__WHAT THE TASK ASKS__: Quote each line of the material verbatim, without the pictures.

__GIVEN INFORMATION__:
* * * * * * * * *

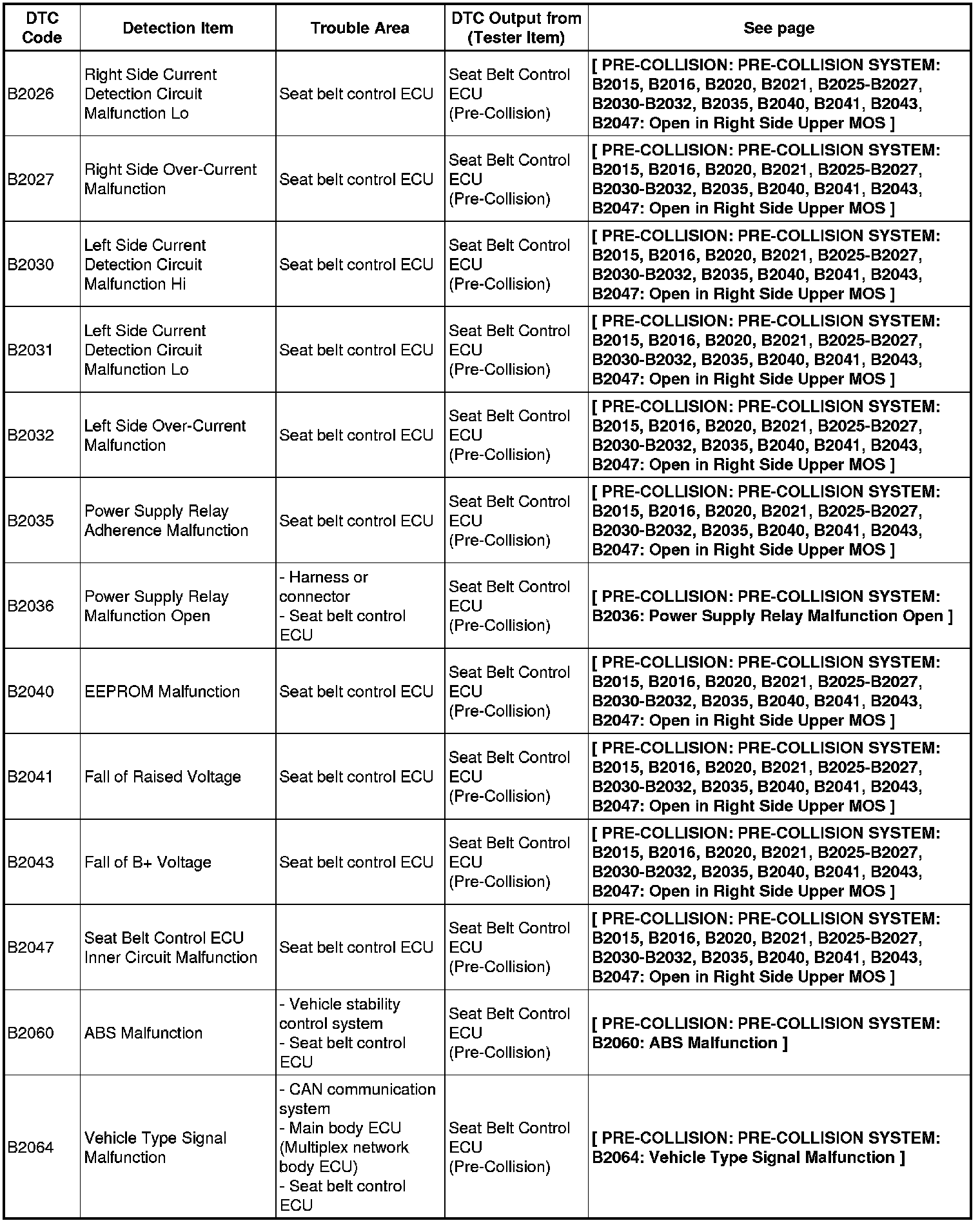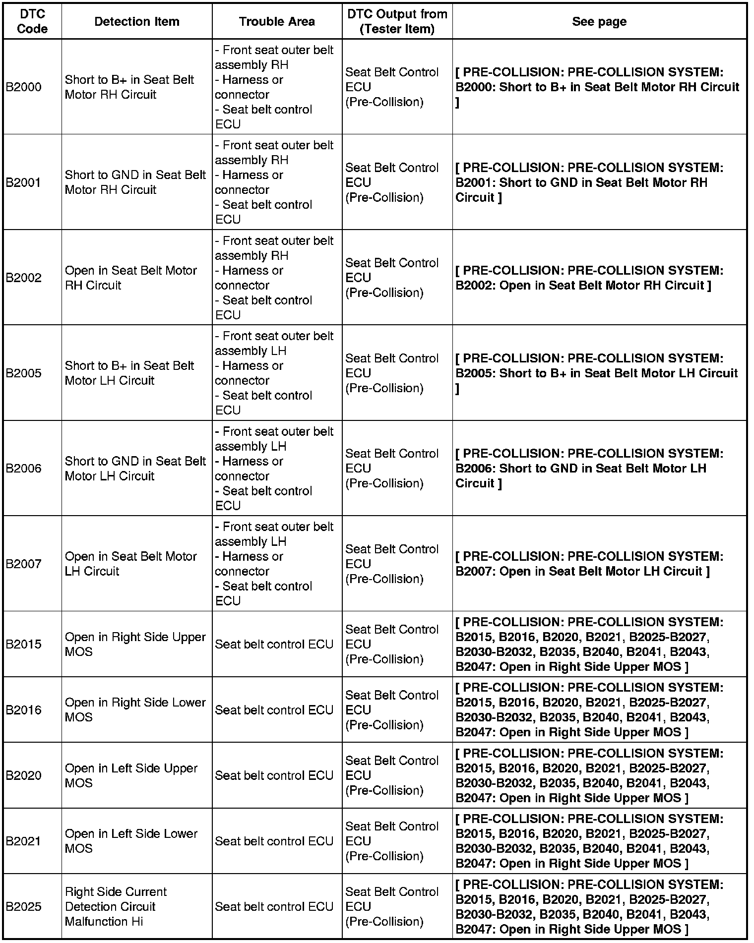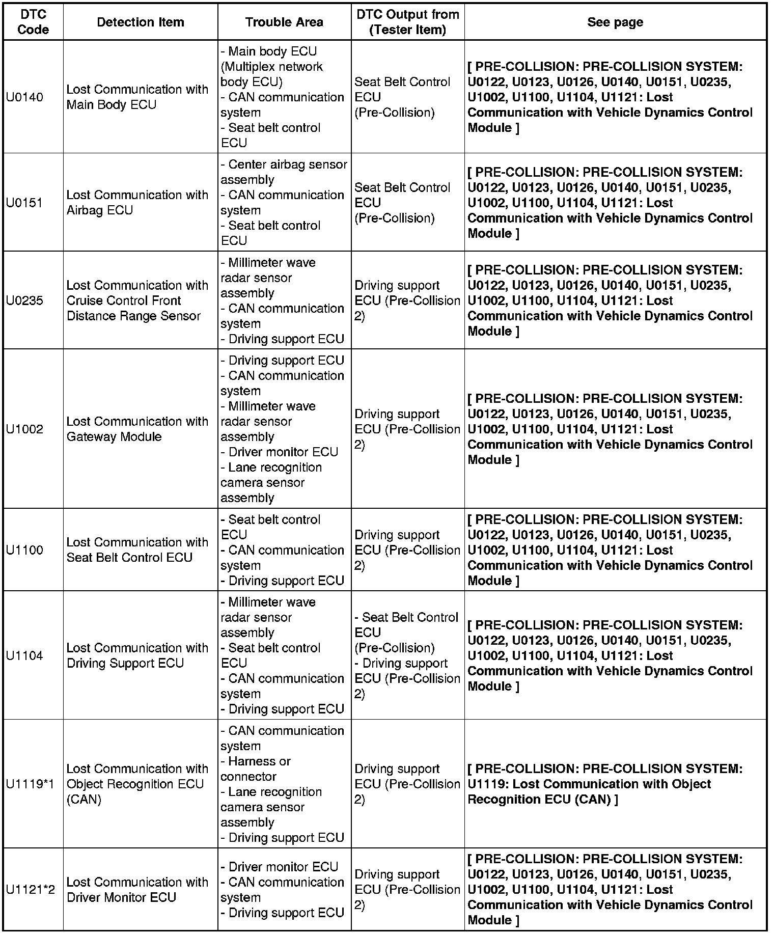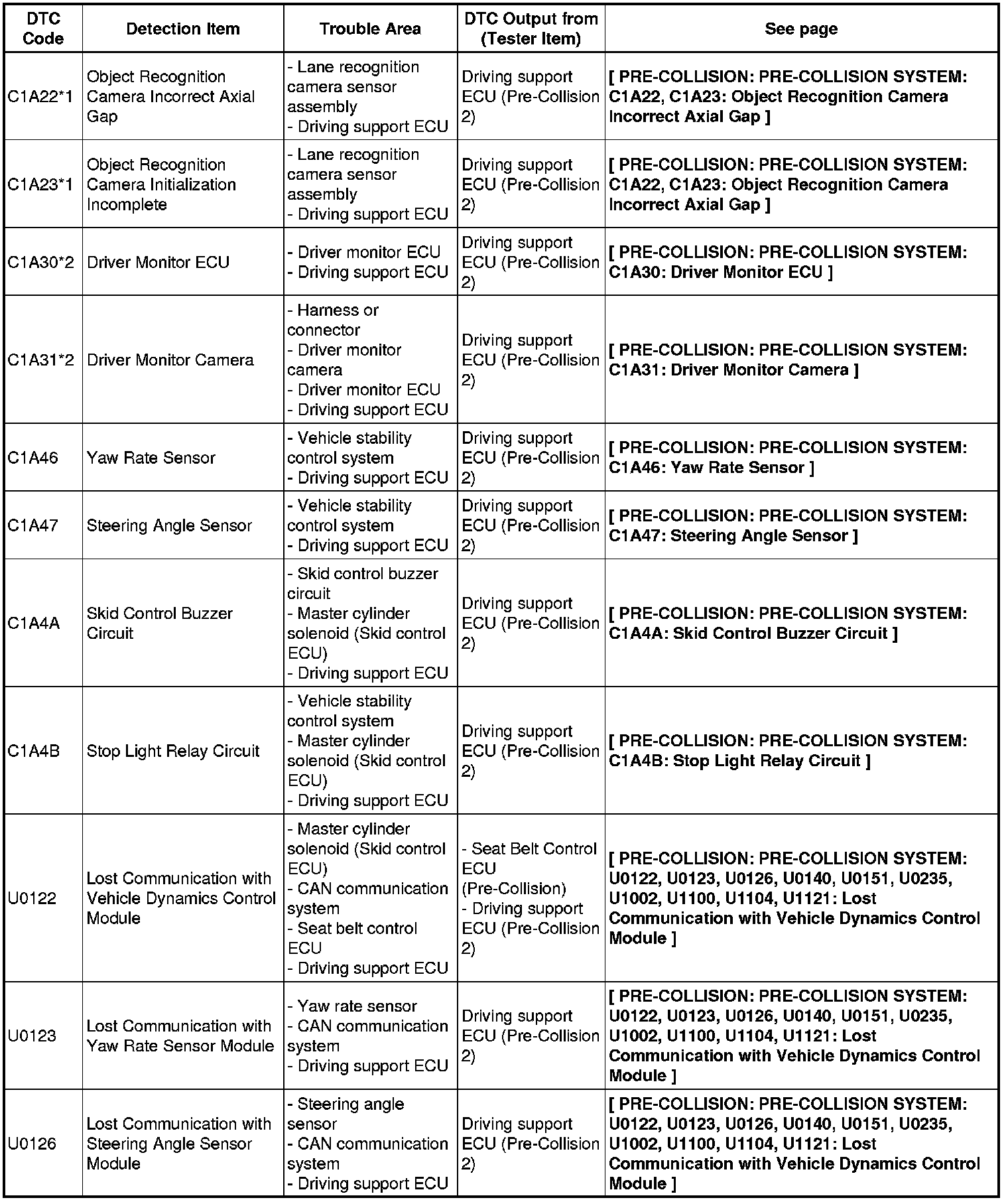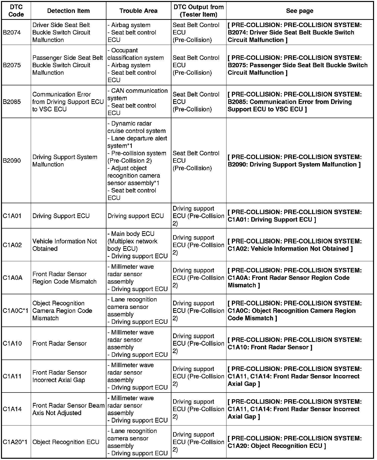 PRE-COLLISION: PRE-COLLISION SYSTEM: DIAGNOSTIC TROUBLE CODE CHART
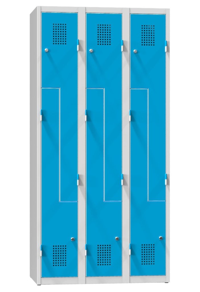 Szafa, drzwi dzielone w kształcie litery Z, wysokość 1850, szerokość 900, głębokość 500 mm. Ryglowanie za pomocą zamka bębenkowego lub zatyczki. Powierzchnia zabezpieczająca przed wyważeniem, kratki wentylacyjne, różne kombinacje kolorystyczne. Szerokość przejściowa komórki garderoby 250/115 mm. Cena bez etykiety na plakietkę z imieniem.
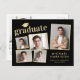 Modern Photo Collage Black Gold Graduation Announcement Postcard
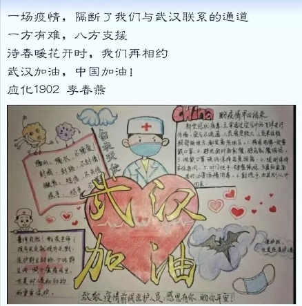 在疫情面前,我们毫不畏惧,每一位同学都对祖国未来充满希望,对武汉成功充满期待。我们相信一线英雄们可以在这次战斗中取得胜利!
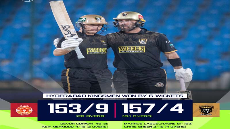 Hyderabad Kingsmen 157-4, 18.1 overs (Marnus Labuschagne 61 not out, Saim Ayub 35, Maaz Sadaqat 30, Glenn Maxwell 21 not out, Chris Green 2-19, Faheem Ashraf 2-33)
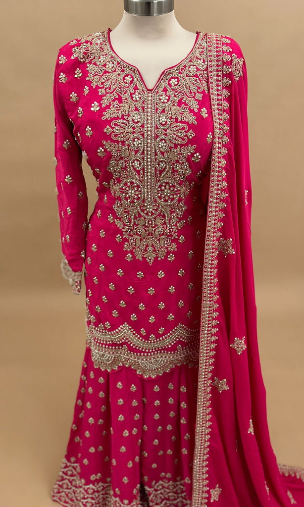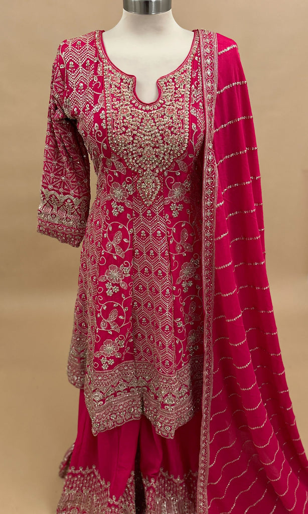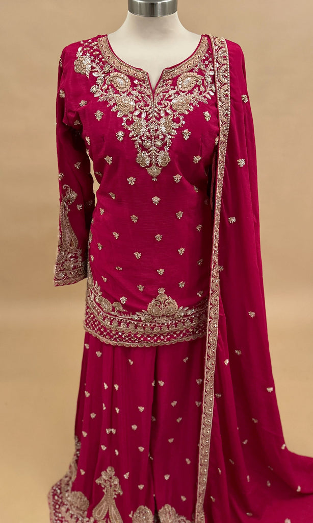 Heavy Pearl And Stone Work Embroiderey Magenta Color Palazzo Suit With Dupatta
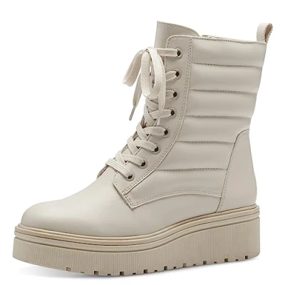 MARCO TOZZI Women's 2 25242 41 Lace Boot Flat, Cream Comb, 6.5
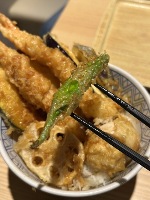 彩り豊かな天ぷらが丼の上に贅沢に並び、見た瞬間から食欲をそそる一品です。
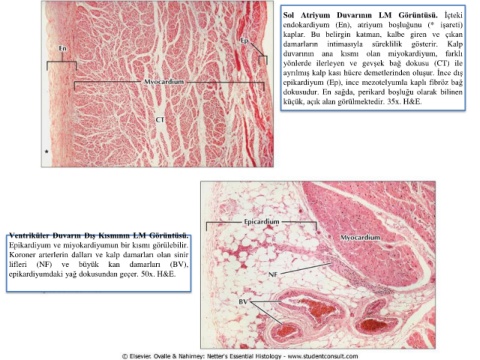 epikardiyum (Ep), ince mezotelyumla kaplı fibröz bağ
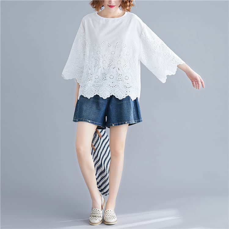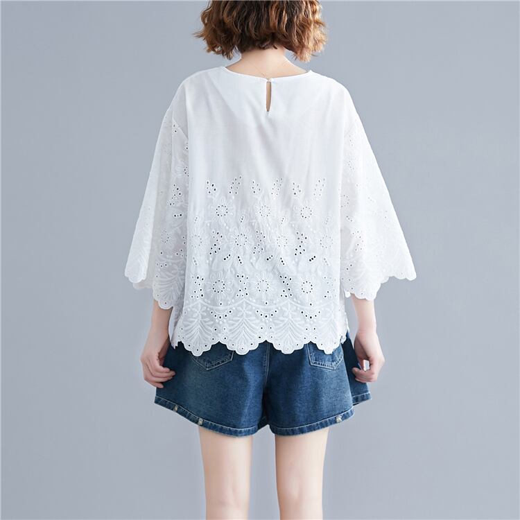 【ロマンティックを叶えてくれる♡白レースブラウス トップス】 レディース レースTシャツ ブラウス エレガント フェミニン ミディアム お出かけ 女子会 Tシャツ プルオーバー Tシャツ 上品 夏 7分袖 韓国ファッション カッコいい シンプル 大人気 大人可愛い
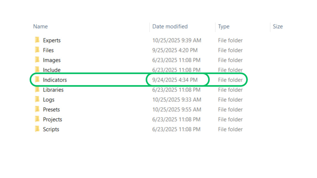 In MT4, you’ll find an “Indicators” folder (shown below). This is where all your built-in and custom indicators are stored. Indicators — Created by developers to add unique trading tools (files ending in .ex4
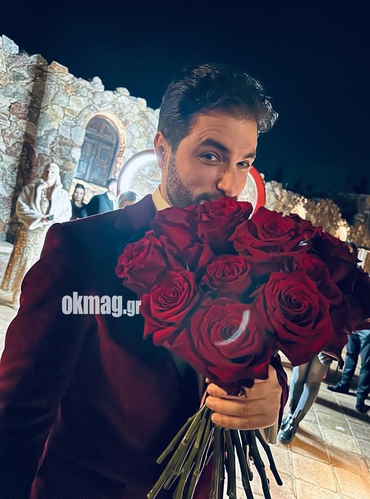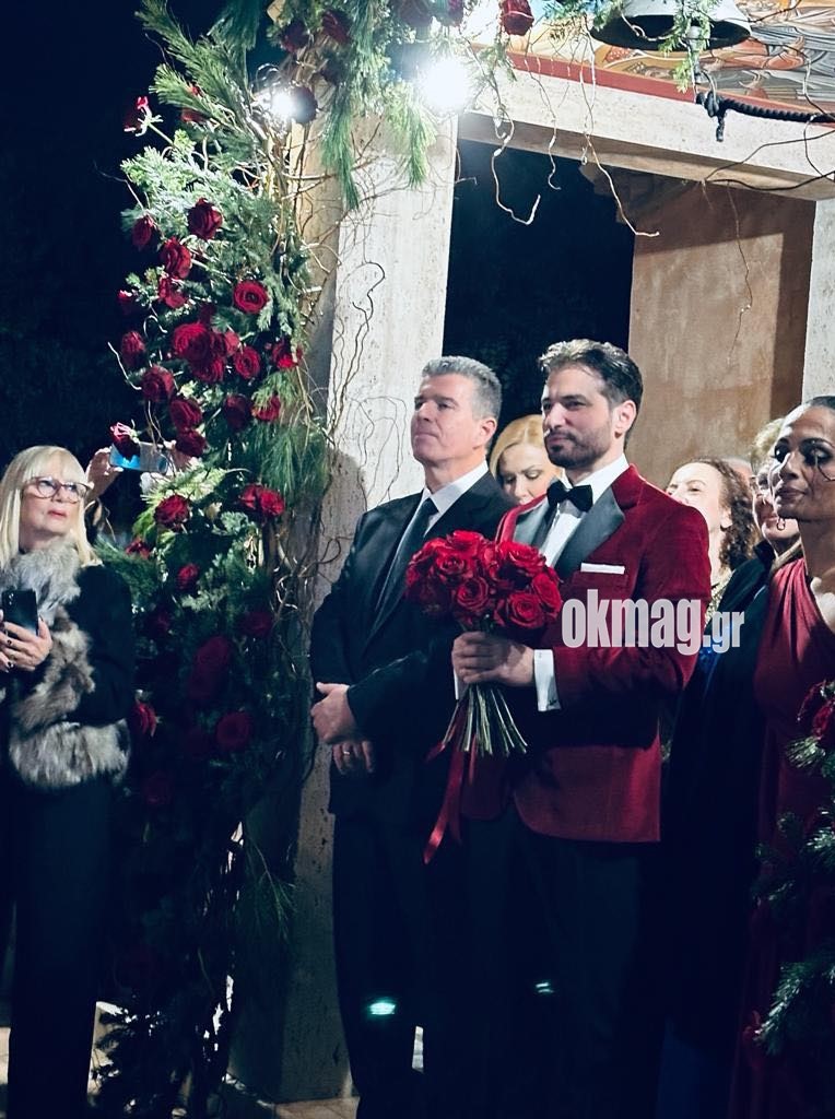 Στις φωτογραφίες που εξασφάλισε το okmag, φαίνεται ο εντυπωσιακός στολισμός της εκκλησίας, ο τραγουδιστής που κρατάει την κατακόκκινη ανθοδέσμη όσο περιμένει την νύφη, αλλά και η ραδιοφωνική παραγωγός που έφτασε, φορώντας ένα εντυπωσιακό νυφικό από την σχεδιάστρια Όλγα Καραβερβέρη.
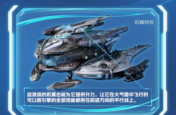 迫浪级采用一体化舰桥设计,舰桥在船体中占比很小,虽然不够突出,但防护性极强。不过这种设计也会限制舰桥内的直接视野,好在它搭载了高性能的灵活传感器,即便视野受限,也能全方位掌控战场态势。另外,舰体两侧的机翼能让它在飞行时保持平稳,轻松进入最佳气动状态,进一步提升机动表现。
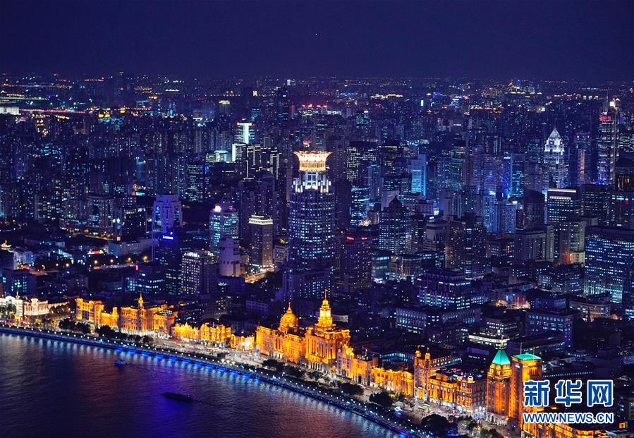 这是11月1日拍摄的上海外滩夜景。 首届中国国际进口博览会即将在上海开幕。美丽的上海张开怀抱,迎接八方来客。 新华社记者 邢广利 摄

* * * * * * * * *

__SOLUTION TO THE EXERCISE__:
 PRE-COLLISION: PRE-COLLISION SYSTEM: DIAGNOSTIC TROUBLE CODE CHART
 Szafa, drzwi dzielone w kształcie litery Z, wysokość 1850, szerokość 900, głębokość 500 mm. Ryglowanie za pomocą zamka bębenkowego lub zatyczki. Powierzchnia zabezpieczająca przed wyważeniem, kratki wentylacyjne, różne kombinacje kolorystyczne. Szerokość przejściowa komórki garderoby 250/115 mm. Cena bez etykiety na plakietkę z imieniem.
 Modern Photo Collage Black Gold Graduation Announcement Postcard
 在疫情面前,我们毫不畏惧,每一位同学都对祖国未来充满希望,对武汉成功充满期待。我们相信一线英雄们可以在这次战斗中取得胜利!
 Hyderabad Kingsmen 157-4, 18.1 overs (Marnus Labuschagne 61 not out, Saim Ayub 35, Maaz Sadaqat 30, Glenn Maxwell 21 not out, Chris Green 2-19, Faheem Ashraf 2-33)
 Heavy Pearl And Stone Work Embroiderey Magenta Color Palazzo Suit With Dupatta
 MARCO TOZZI Women's 2 25242 41 Lace Boot Flat, Cream Comb, 6.5
 彩り豊かな天ぷらが丼の上に贅沢に並び、見た瞬間から食欲をそそる一品です。
 epikardiyum (Ep), ince mezotelyumla kaplı fibröz bağ
 【ロマンティックを叶えてくれる♡白レースブラウス トップス】 レディース レースTシャツ ブラウス エレガント フェミニン ミディアム お出かけ 女子会 Tシャツ プルオーバー Tシャツ 上品 夏 7分袖 韓国ファッション カッコいい シンプル 大人気 大人可愛い
 In MT4, you’ll find an “Indicators” folder (shown below). This is where all your built-in and custom indicators are stored. Indicators — Created by developers to add unique trading tools (files ending in .ex4
 Στις φωτογραφίες που εξασφάλισε το okmag, φαίνεται ο εντυπωσιακός στολισμός της εκκλησίας, ο τραγουδιστής που κρατάει την κατακόκκινη ανθοδέσμη όσο περιμένει την νύφη, αλλά και η ραδιοφωνική παραγωγός που έφτασε, φορώντας ένα εντυπωσιακό νυφικό από την σχεδιάστρια Όλγα Καραβερβέρη.
 迫浪级采用一体化舰桥设计,舰桥在船体中占比很小,虽然不够突出,但防护性极强。不过这种设计也会限制舰桥内的直接视野,好在它搭载了高性能的灵活传感器,即便视野受限,也能全方位掌控战场态势。另外,舰体两侧的机翼能让它在飞行时保持平稳,轻松进入最佳气动状态,进一步提升机动表现。
 这是11月1日拍摄的上海外滩夜景。 首届中国国际进口博览会即将在上海开幕。美丽的上海张开怀抱,迎接八方来客。 新华社记者 邢广利 摄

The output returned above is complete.